#### Material provided ####

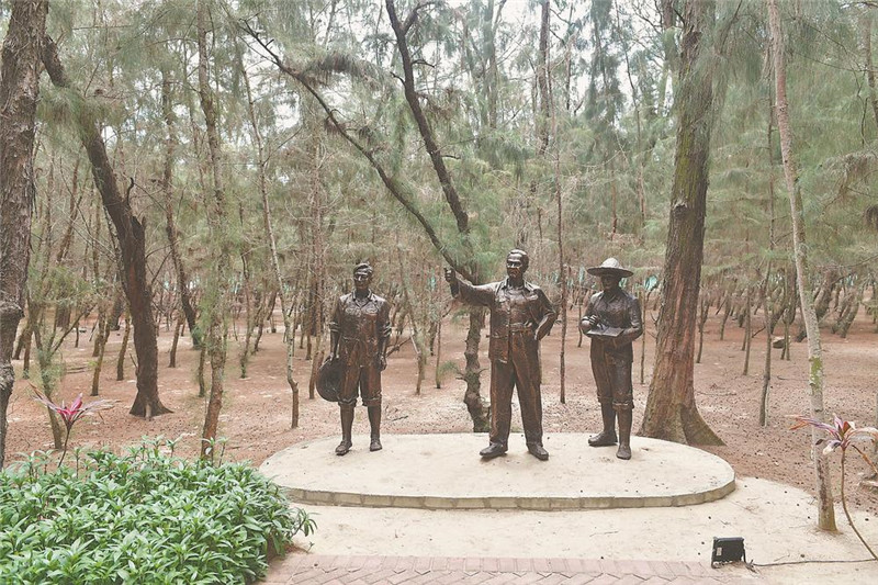 东山人民把谷文昌的塑像立在了防护林里。
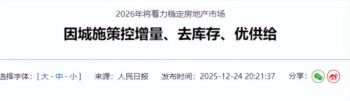 住建部2025年底开会的原话即是:“控增量、去库存、优供给”。
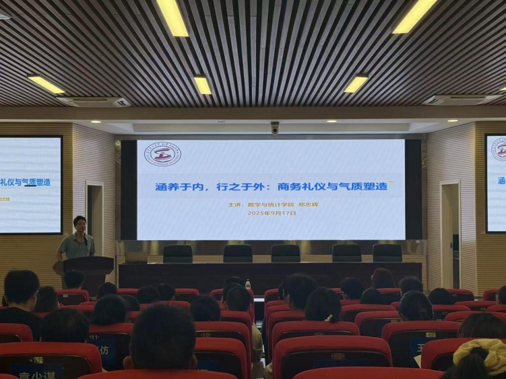 2025年9月17日下午,数学与统计学院在理科楼A200举办2025级研究生 “涵养于内,行之于外:商务礼仪与气质塑造” 专题学习活动。活动由院党委副书记兼副院长郑忠辉主讲,院研会干部及2025级全体研究生参与。
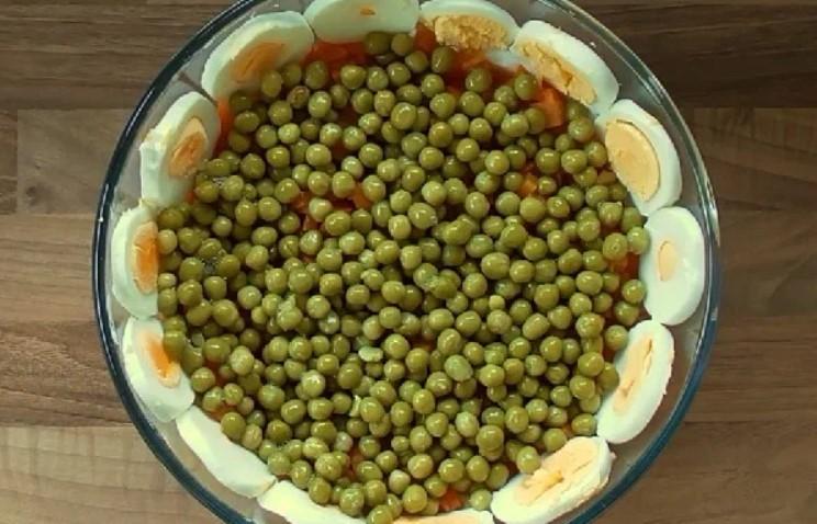 Наступний шар — горошок і заправка. Далі нарізані кубиками яйця та заправка.
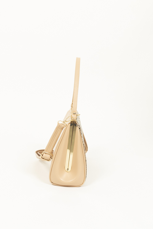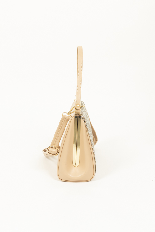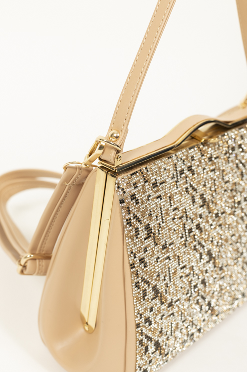De tas heeft een stevig goudkleurig frame en sluiting aan de bovenkant, waardoor je essentials veilig zijn opgeborgen. De comfortabele witte draagband maakt het makkelijk om de tas als handtas of schoudertas te dragen.

####

Task to carry out: Transcribe exactly the lines from the one containing "Наступний шар —" through the last line of the records above, and nothing else. Leave out the pictures.

Written answer:
 Наступний шар — горошок і заправка. Далі нарізані кубиками яйця та заправка.
De tas heeft een stevig goudkleurig frame en sluiting aan de bovenkant, waardoor je essentials veilig zijn opgeborgen. De comfortabele witte draagband maakt het makkelijk om de tas als handtas of schoudertas te dragen.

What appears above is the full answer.